In k8s with containerd, registry login is done with cri plugin and credentials are logged in containerd config.toml.

but when using K8s with docker and cri-docker, it cannot find login credentials which seems to be controlled by docker rather than cri-docker.

evol262 commented 2 years ago

This is documented here. The credentials are passed in by k8s.

jhill-afs commented 1 year ago

This is marked as closed. However, I am experiencing a similar/related issue. I am attempting to deploy a cluster using kubeadm with kubelet configured to use cri-dockerd. However I am attempting to pull the control plane images (eg kube-apiserver) from a private registry. I attempted to configure the credentials both in the root docker config /root/.docker/config.json and in the containerd configuration /etc/containerd/config.toml. The images were still not correctly pulled. Once I manually pulled the images via docker pull as root, the control plane containers were successfully started.

The documented "fix" linked above does not work in this case as I do not yet have a running cluster in which to configure the secret.
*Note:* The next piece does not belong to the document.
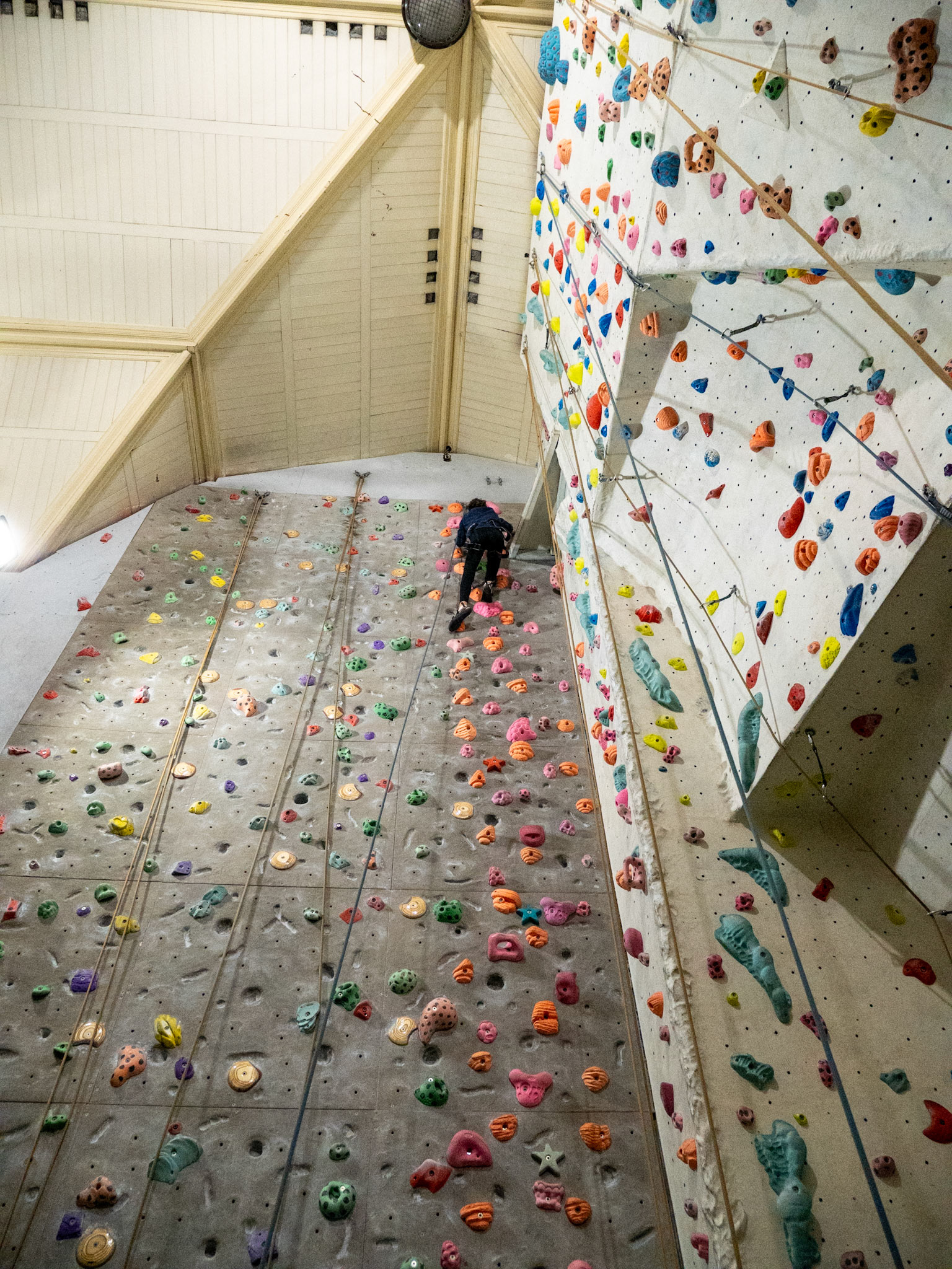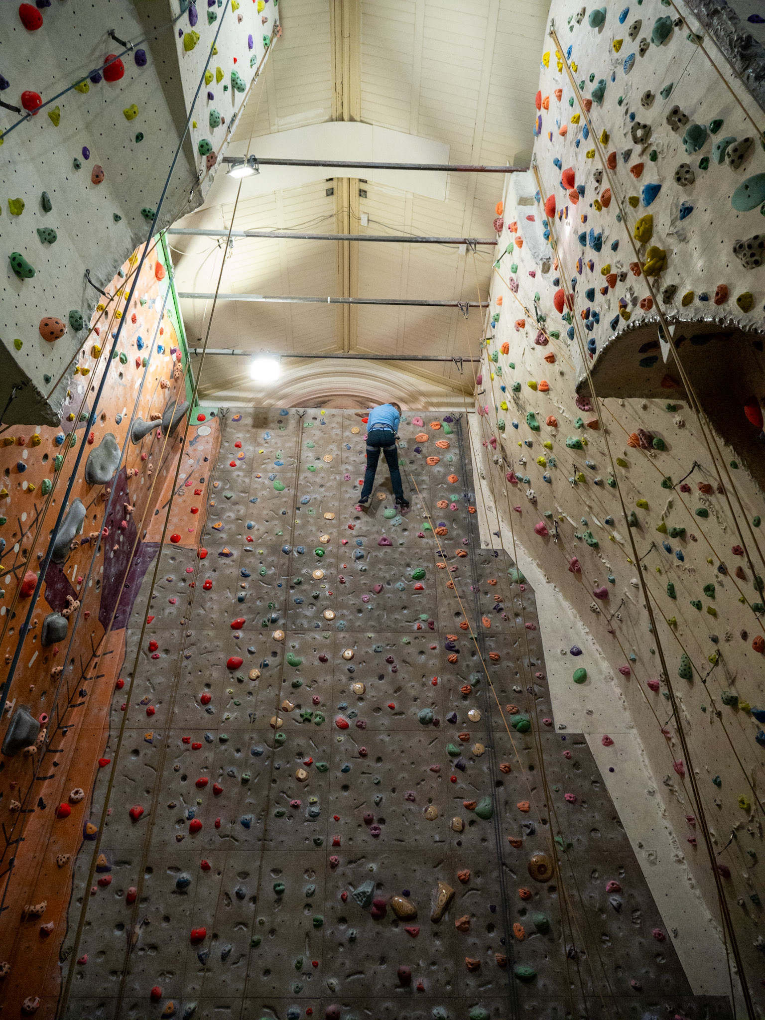 A climbing wall has been built almost to the full height of the roof, requiring the removal of the galleries, but the exterior of the building remains unaltered.

evol262 commented 1 year ago

There's not enough information here, @jhill-afs. Can you post your ClusterConfiguration?

Can you post logs?

The documented "fix" above is not the same as "bootstrap a cluster from a private registry". Lots more information is needed to begin to help here.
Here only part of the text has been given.